Baumschutz verteuert das Projekt. Nachpflanzungen sind jedoch unklar

Von Michael Hertel
Steilshoop
Auf rund 70.000 Euro schätzt Thorsten Hohenstein (62), Leiter der Abteilung Straßen beim Bezirksamt Wandsbek, die Mehrkosten durch die Umplanung der Steilshooper Markt- und Eventfläche. Das Bezirksamt hatte offensichtlich mit noch höheren Zusatzkosten gerechnet. Bekannt wurde, dass zunächst rund 320.000 Euro zurückgestellt worden sind. Wie das Wochenblatt berichtete, plant das Bezirksamt im Rahmen des Projekts „Innovationsquartier Steilshoop“ seit langem den Umbau einer Fläche am Schreyerring zum Steilshooper Marktplatz. Gegen die in diesem Zusammenhang vorgesehenen Baumfällungen hatte es massiven Widerstand einer Bürgerinitiative gegeben, mit der das Bezirksamt schließlich einen Kompromiss aushandeln konnte. Nach den neuen Plänen, die dieser Tage in den zuständigen Ausschüssen vorgestellt werden, reduziert sich die Zahl der Baumfällungen von ursprünglich 117 auf 58. Von den derzeit noch 75 Parkplätzen auf der überplanten Fläche bleiben 66 erhalten. Die Änderungen betrafen laut Hohenstein vor allem die Leitungstrassen und die Regenentwässerung. Hohenstein: „Das war eine Herausforderung für uns.“ Die neue Marktfläche an und auf dem Schreyerring werde den Charakter einer verkehrsberuhigten Zone haben, erklärte der Abteilungsleiter. Noch vor Weihnachten soll die Ausschreibung starten, die Bäume fallen voraussichtlich im kommenden Winter.
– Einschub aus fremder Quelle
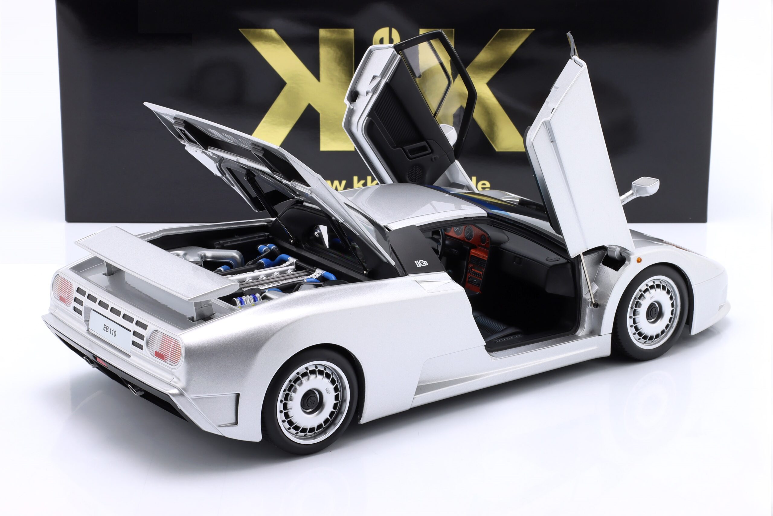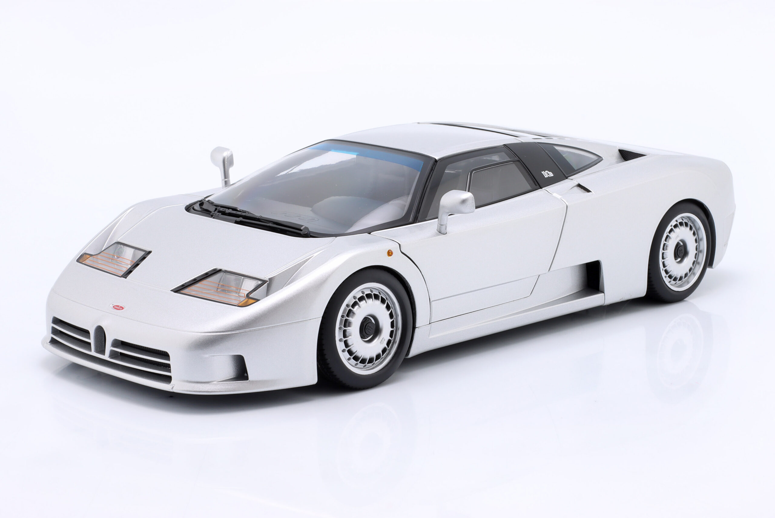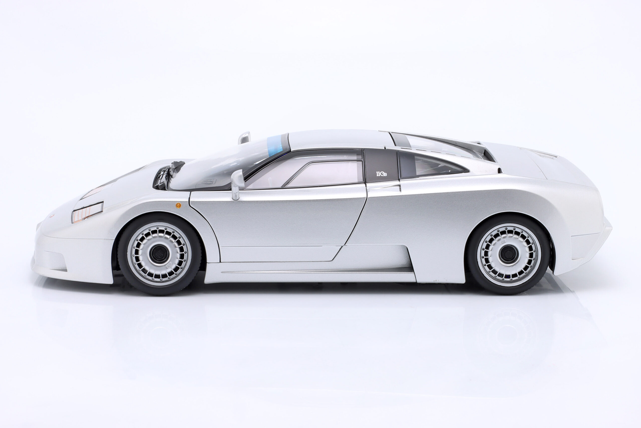 Kolekcjonerski model metalowy z elementami plastikowymi samochodu BUGATTI EB110 z roku 1991 w kolorze Srebrnym.Model posiada otwierane drzwi oraz pokrywę silnika.Zapakowny w styropianowe pudełko z kartonową obwolutą ze zdjęciem modelu.Edycja limitowana.

Die Frage der Nachpflanzung ist noch nicht endgültig geklärt. Laut Hohenstein ist es besonders schwierig, entsprechende Standorte zu finden. Bislang jedenfalls habe man erst Standorte für zwölf neue Bäume gefunden. Im Wandsbeker Sozialausschuss begrüßten alle Fraktionen den ausgehandelten Kompromiss um die Baumfällungen sowie die nun vorgelegten Pläne des Bezirksamtes. Nach Informationen des Wochenblatts wird der Umbau, der bis Ende 2018 realisiert werden soll, mehr als drei Millionen Euro kosten.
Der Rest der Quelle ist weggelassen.